Problem description:
Copy out the entries below exactly as they stand, but only from the line containing "Another thing you" through the line containing "Malaysia has recorded".

Provided entries:
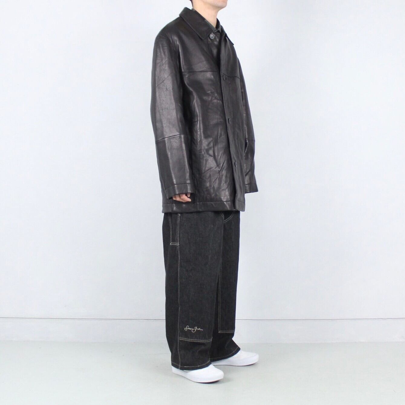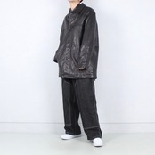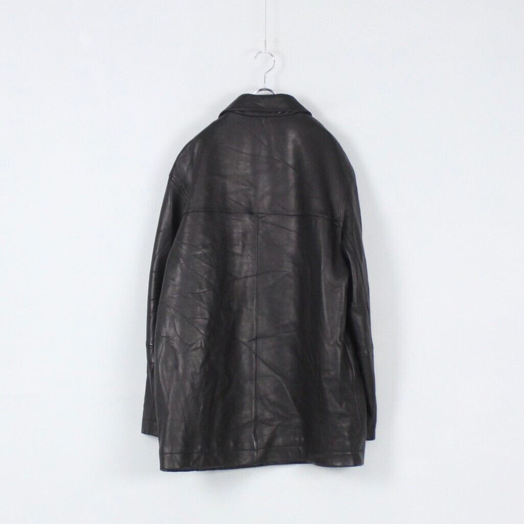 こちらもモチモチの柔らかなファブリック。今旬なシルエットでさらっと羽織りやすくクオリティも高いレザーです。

* * *

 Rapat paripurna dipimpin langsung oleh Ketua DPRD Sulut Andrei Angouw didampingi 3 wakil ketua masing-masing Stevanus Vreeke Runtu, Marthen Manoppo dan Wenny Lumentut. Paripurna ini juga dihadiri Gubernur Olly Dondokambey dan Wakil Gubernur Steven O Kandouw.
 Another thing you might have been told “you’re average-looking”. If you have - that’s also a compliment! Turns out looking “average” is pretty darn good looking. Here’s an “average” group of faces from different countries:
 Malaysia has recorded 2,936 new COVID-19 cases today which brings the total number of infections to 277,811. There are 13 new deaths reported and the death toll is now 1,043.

Answer to this exercise:
 Another thing you might have been told “you’re average-looking”. If you have - that’s also a compliment! Turns out looking “average” is pretty darn good looking. Here’s an “average” group of faces from different countries:
 Malaysia has recorded 2,936 new COVID-19 cases today which brings the total number of infections to 277,811. There are 13 new deaths reported and the death toll is now 1,043.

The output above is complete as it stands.